**ABOUT THIS TASK**
Copy all records verbatim, images excluded.
---*---
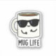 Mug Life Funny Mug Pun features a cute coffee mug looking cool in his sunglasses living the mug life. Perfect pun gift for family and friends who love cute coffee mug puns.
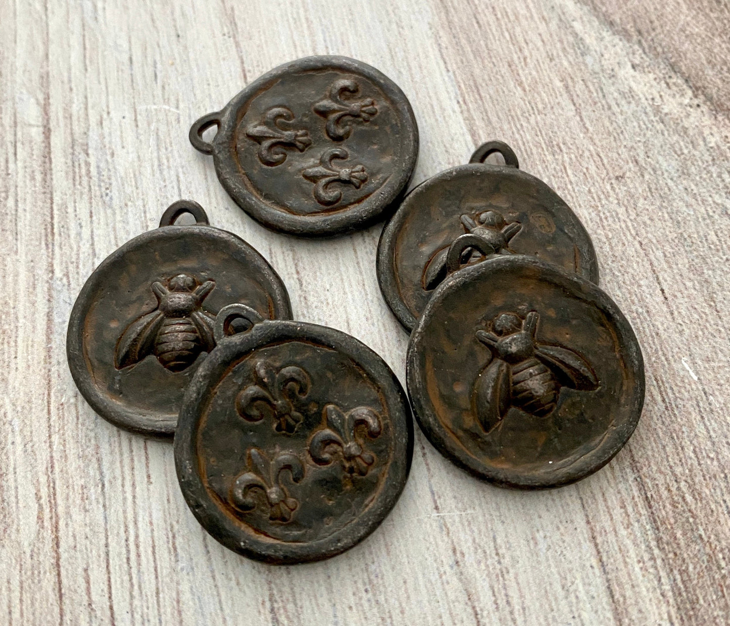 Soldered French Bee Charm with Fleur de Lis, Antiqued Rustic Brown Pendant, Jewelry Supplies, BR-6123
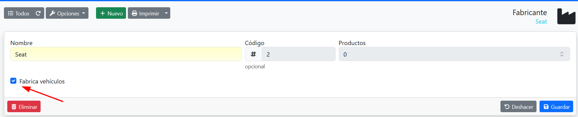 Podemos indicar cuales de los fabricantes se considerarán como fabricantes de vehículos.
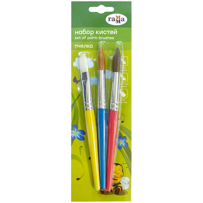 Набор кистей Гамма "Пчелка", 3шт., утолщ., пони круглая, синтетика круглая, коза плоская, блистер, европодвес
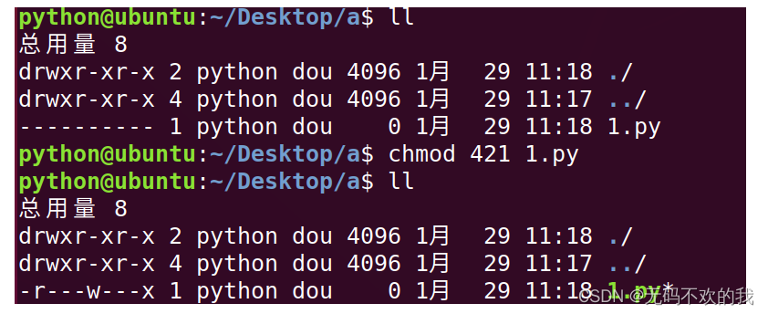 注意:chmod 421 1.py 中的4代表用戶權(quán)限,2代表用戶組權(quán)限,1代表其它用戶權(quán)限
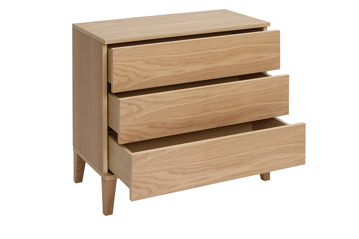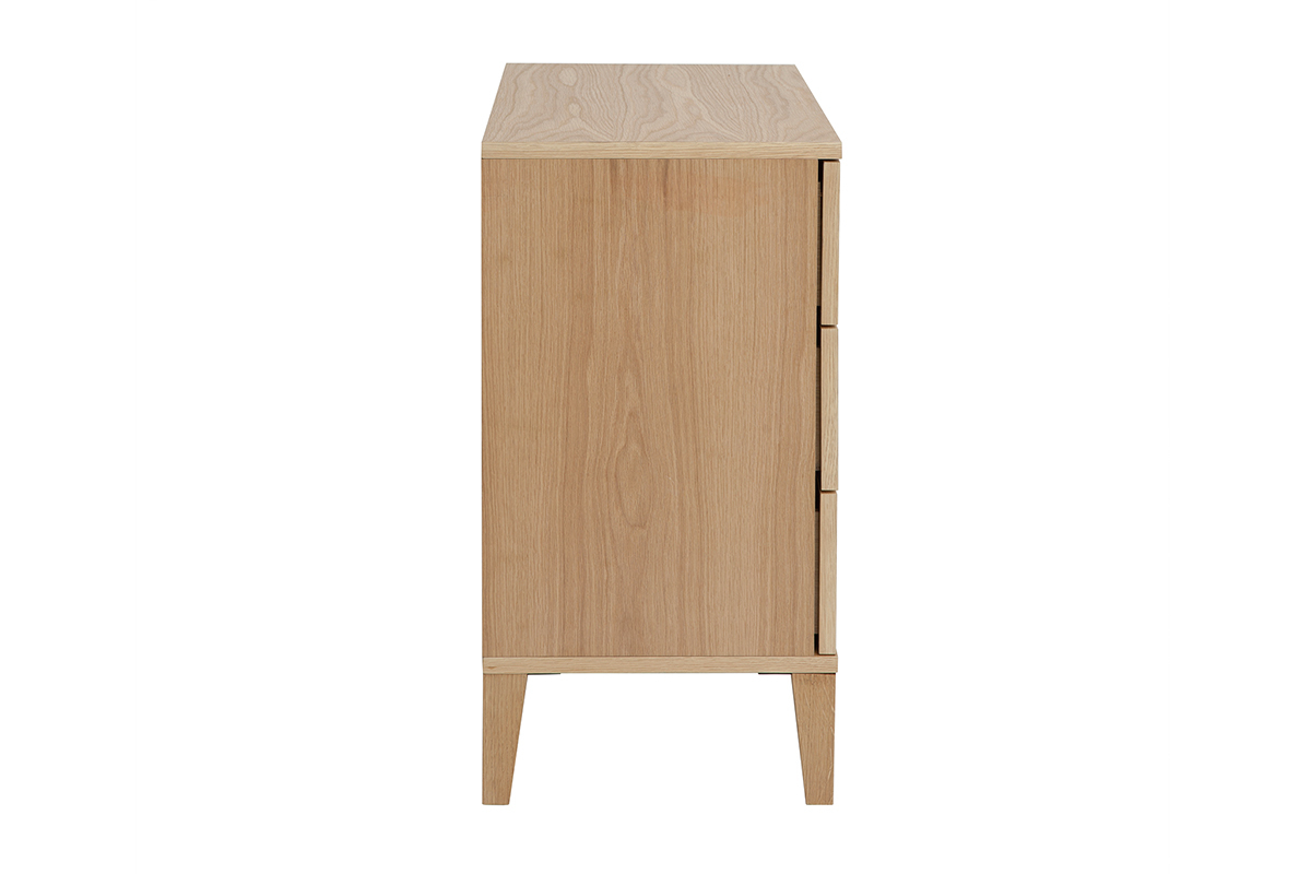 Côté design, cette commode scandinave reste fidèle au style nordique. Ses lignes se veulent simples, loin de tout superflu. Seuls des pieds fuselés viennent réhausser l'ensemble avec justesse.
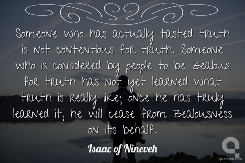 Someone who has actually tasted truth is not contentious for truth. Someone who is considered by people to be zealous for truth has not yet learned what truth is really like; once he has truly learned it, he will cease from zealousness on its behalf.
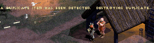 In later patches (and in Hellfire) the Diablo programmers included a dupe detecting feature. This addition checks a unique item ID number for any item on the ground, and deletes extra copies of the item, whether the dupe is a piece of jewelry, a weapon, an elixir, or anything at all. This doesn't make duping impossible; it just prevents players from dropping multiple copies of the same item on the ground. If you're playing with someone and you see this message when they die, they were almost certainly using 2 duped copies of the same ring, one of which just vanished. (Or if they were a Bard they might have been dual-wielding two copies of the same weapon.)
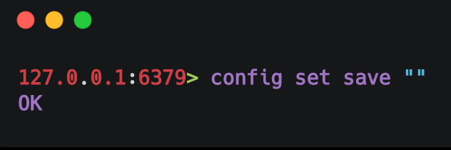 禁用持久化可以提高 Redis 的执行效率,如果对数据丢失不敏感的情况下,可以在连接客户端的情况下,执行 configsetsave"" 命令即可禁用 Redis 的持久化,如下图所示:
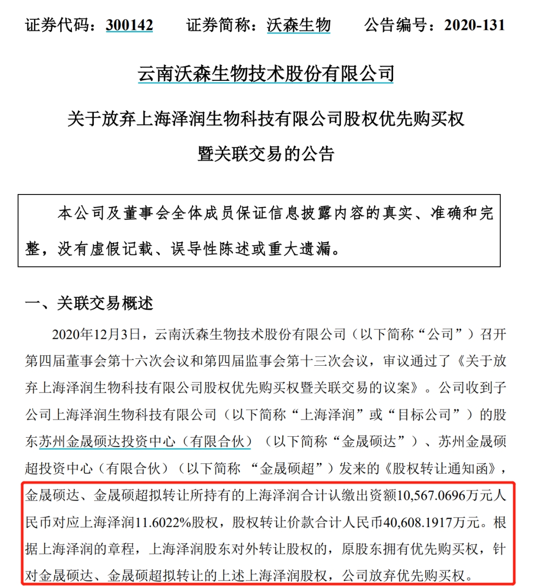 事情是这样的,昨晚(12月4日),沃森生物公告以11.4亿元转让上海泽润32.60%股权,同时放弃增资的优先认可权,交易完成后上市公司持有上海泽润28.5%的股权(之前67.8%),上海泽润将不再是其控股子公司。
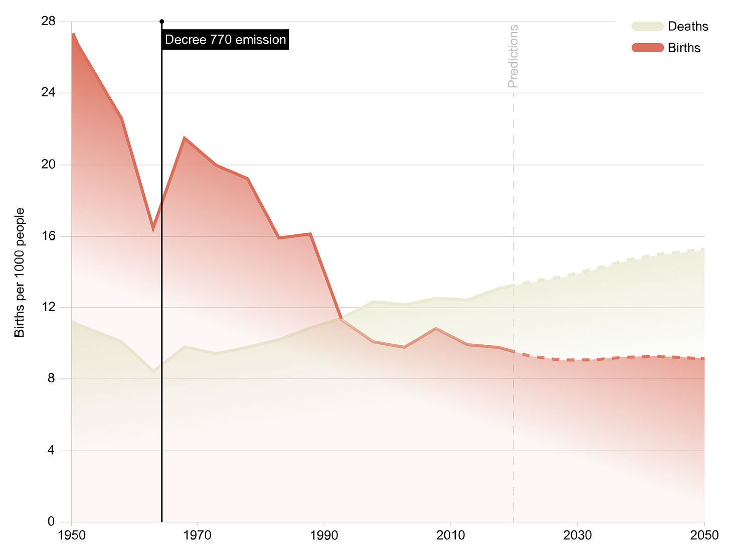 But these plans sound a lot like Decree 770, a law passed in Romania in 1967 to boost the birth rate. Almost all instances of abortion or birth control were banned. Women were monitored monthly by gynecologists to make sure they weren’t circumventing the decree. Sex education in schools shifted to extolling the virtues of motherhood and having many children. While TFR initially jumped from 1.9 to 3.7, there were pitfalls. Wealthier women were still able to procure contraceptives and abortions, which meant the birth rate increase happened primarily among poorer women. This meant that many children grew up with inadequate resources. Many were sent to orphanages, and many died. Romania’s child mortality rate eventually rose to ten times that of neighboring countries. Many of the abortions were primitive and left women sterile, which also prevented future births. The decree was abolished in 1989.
---*---
**EXPECTED ANSWER**
 Mug Life Funny Mug Pun features a cute coffee mug looking cool in his sunglasses living the mug life. Perfect pun gift for family and friends who love cute coffee mug puns.
 Soldered French Bee Charm with Fleur de Lis, Antiqued Rustic Brown Pendant, Jewelry Supplies, BR-6123
 Podemos indicar cuales de los fabricantes se considerarán como fabricantes de vehículos.
 Набор кистей Гамма "Пчелка", 3шт., утолщ., пони круглая, синтетика круглая, коза плоская, блистер, европодвес
 注意:chmod 421 1.py 中的4代表用戶權(quán)限,2代表用戶組權(quán)限,1代表其它用戶權(quán)限
 Côté design, cette commode scandinave reste fidèle au style nordique. Ses lignes se veulent simples, loin de tout superflu. Seuls des pieds fuselés viennent réhausser l'ensemble avec justesse.
 Someone who has actually tasted truth is not contentious for truth. Someone who is considered by people to be zealous for truth has not yet learned what truth is really like; once he has truly learned it, he will cease from zealousness on its behalf.
 In later patches (and in Hellfire) the Diablo programmers included a dupe detecting feature. This addition checks a unique item ID number for any item on the ground, and deletes extra copies of the item, whether the dupe is a piece of jewelry, a weapon, an elixir, or anything at all. This doesn't make duping impossible; it just prevents players from dropping multiple copies of the same item on the ground. If you're playing with someone and you see this message when they die, they were almost certainly using 2 duped copies of the same ring, one of which just vanished. (Or if they were a Bard they might have been dual-wielding two copies of the same weapon.)
 禁用持久化可以提高 Redis 的执行效率,如果对数据丢失不敏感的情况下,可以在连接客户端的情况下,执行 configsetsave"" 命令即可禁用 Redis 的持久化,如下图所示:
 事情是这样的,昨晚(12月4日),沃森生物公告以11.4亿元转让上海泽润32.60%股权,同时放弃增资的优先认可权,交易完成后上市公司持有上海泽润28.5%的股权(之前67.8%),上海泽润将不再是其控股子公司。
 But these plans sound a lot like Decree 770, a law passed in Romania in 1967 to boost the birth rate. Almost all instances of abortion or birth control were banned. Women were monitored monthly by gynecologists to make sure they weren’t circumventing the decree. Sex education in schools shifted to extolling the virtues of motherhood and having many children. While TFR initially jumped from 1.9 to 3.7, there were pitfalls. Wealthier women were still able to procure contraceptives and abortions, which meant the birth rate increase happened primarily among poorer women. This meant that many children grew up with inadequate resources. Many were sent to orphanages, and many died. Romania’s child mortality rate eventually rose to ten times that of neighboring countries. Many of the abortions were primitive and left women sterile, which also prevented future births. The decree was abolished in 1989.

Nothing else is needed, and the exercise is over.